Wrote a paper on a positive definition of the Great Outdoors, talking about how the idea of supplement in Derrida, the idea of excess in Bataille and some remarks on the horizon of appearing in Severino could help to conceive the Great Outdoors. Here's the third part, on horizon:
The Great Outdoors is what is beyond – maybe beyond the horizon. The image of a horizon contrasts with that of a totality that encloses itself. The horizon is an opening, an exposure, a border with something outer. The very idea of horizon indicates something like the Great Outdoors in the sense that what is beyond it cannot lie in the indoors. Any form of non-indexicalism would see this as no more than a poor analogy with reality for the external (and the internal) cannot belong in a total drone-like account of it. For indexicalism, nonetheless, the horizon is part of the furniture of the universe, a furniture which is situated and which ensures always an outdoors. The horizon is both from where things are issued and from where they disappear. It is often understood as a place of becoming from where things begin to be – and therefore the very border between being and nothingness.
Emanuele Severino (2016) revisits the relation between being and appearances since the abandonment of Parmenides – doing that, he provides a fruitful way of conceiving the horizon. He endeavors to think within a pre-metaphysical tradition that was lost both by Plato's parricide and by what he calls Melissus' betrayal of being. Both these moves enabled non-being to be considered as part of reality – and made room for the idea that not every existent is permanent and necessary because it (eventually) exists. The two moves paved the way for metaphysics as a struggle with nothingness that requires positing some permanent and necessary beings to make sure that ex nihilo nihil. Being is than understood as more than appearing, but both can lapse into nothingness, at least in principle. In contrast, Severino intends to rather return to a framework where being is never nothing and appearing is part of being and the disappearance of anything, being it a pen, a leave, a glimpse of the grass, the blueness of an ice cube or a lapsing moment of ecstasy, is not an annihilation but rather simply a concealment from appearance. Everything is equally permanent because being secures what exists against disappearance – it is, according to the lesson of Parmenides, necessary and permanent.
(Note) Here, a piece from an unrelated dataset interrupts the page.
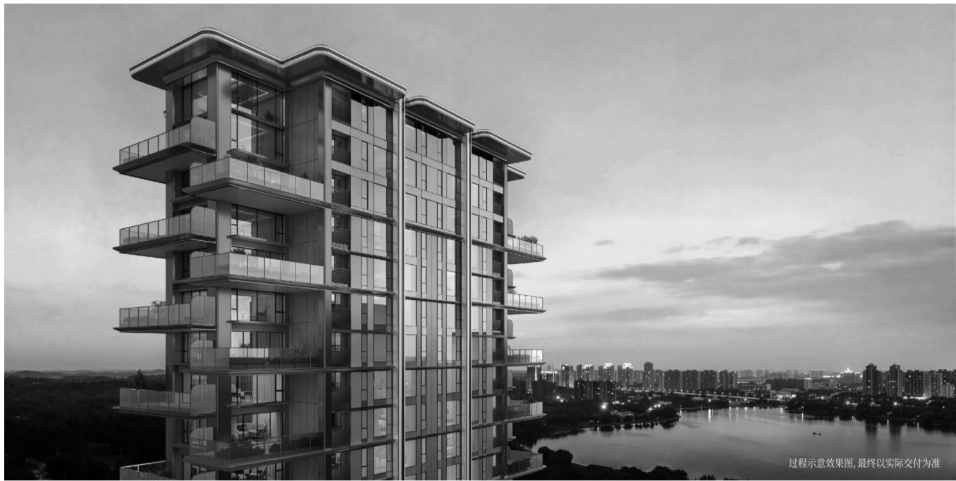
过程示意图，最终以实际交付为准

黄晶涛表示，规划设计立足晋江本土基因，兼顾城市发展与文化传承，通过系统化统筹、精细化营造，让片区既有国际视野，又有闽南温度，为晋江城市更新提供可借鉴的实践样本。

Severino understands being as a whole formed by all differences, by all determinations – in contrast with Parmenides – and whatever exists is eternal and cannot even be conceived otherwise – contrary to Plato, Melissus and their followers. He writes:
Being, then, is not a totality devoid of the determinations of the manifold (as Parmenides held it to be), but rather the totality of differences, the area outside of which there is nothing, or nothing of which it can be said that it is not a Nothing. Being is the whole of the positive. [...] all manifest determinations—this sheet of paper, this pen, this room, these trees and mountains I see outside my window, things perceived in the past, fantasies, expectations, wishes, and all the objects that are present—appear as inscribed within the perimeter of the whole. (2016, 44)
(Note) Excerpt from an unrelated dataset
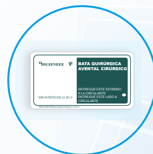
Tarjeta de transferencia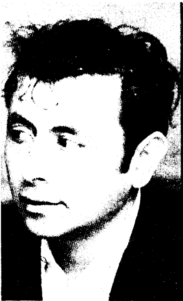
Roberto Santucho, líder del Ejército Revolucionario del Pueblo, cayó muerto ayer en un enfrentamiento con el ejército argentino, en Boner, a unos 30 kilómetros al sur de Buenos Aires.

questró masivo de refugiados latinoamericanos en Argentina en sólo un mes.

Appearing lies within being, but doesn't exhaust it. Severino takes appearances to be parts of being – disappearance is not annihilation. There could be no hierarchies concerning immutability within being; contrary to what Plato would advocate already moving in the direction of a non-Parmenidean metaphysics, “Being is immutable not insofar as it is universal but insofar as it is Being”, writes Severino, “which means that every aspect of Being is immutable, the inimitable individual no less than the universal"(2016, 48).
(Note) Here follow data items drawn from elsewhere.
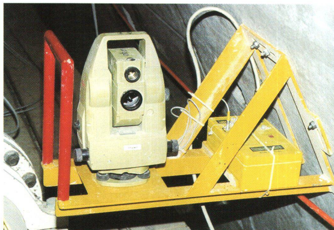
Fig. 1: Stazione VMT con Leica TCA 1100 e Yellow Box.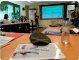
8:57 · 30 maig 19 · Twitter Web Client

Qualitat, #innovació, eficiència i COR vol dir... oportunitats. @ESADEAlumni i @ceobrialles ho han somiat junts! Fem camí plegats. #obrasocialmarista #maristes @ESADE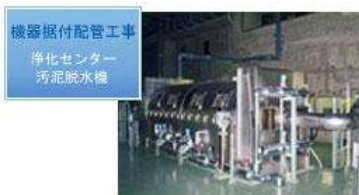
機器据付配管工事 浄化センター 汚泥脱水機

Severino then calls the contrast between being and appearing “the total horizon of Appearing” (2016, 126), from where eternal beings appear (and disappear). It is itself a structural, transcendental feature of being, for it connects necessarily what exists with its appearance. What is beyond appearance never reveals itself completely, but it is present in the insufficiency of appearances; that we can understand as a consequence of their non-containment. Severino argues from this insufficiency of appearance to the transcendence of being is based on: it is only on the whole that each appearance would make sense. Being is conceived as a whole that necessarily envelops each parts – each appearances which belong to the whole by “no accidental property” (2016, 128). The insufficiency of appearances are therefore neutralized by a putative sphere of Being (the totality of all determinations, of everything that is) which will eventually reveal itself in an unending – yet enclosed – display of new appearances in the horizon. Being is what complements appearing; it is what provides a totality which is beyond the horizon.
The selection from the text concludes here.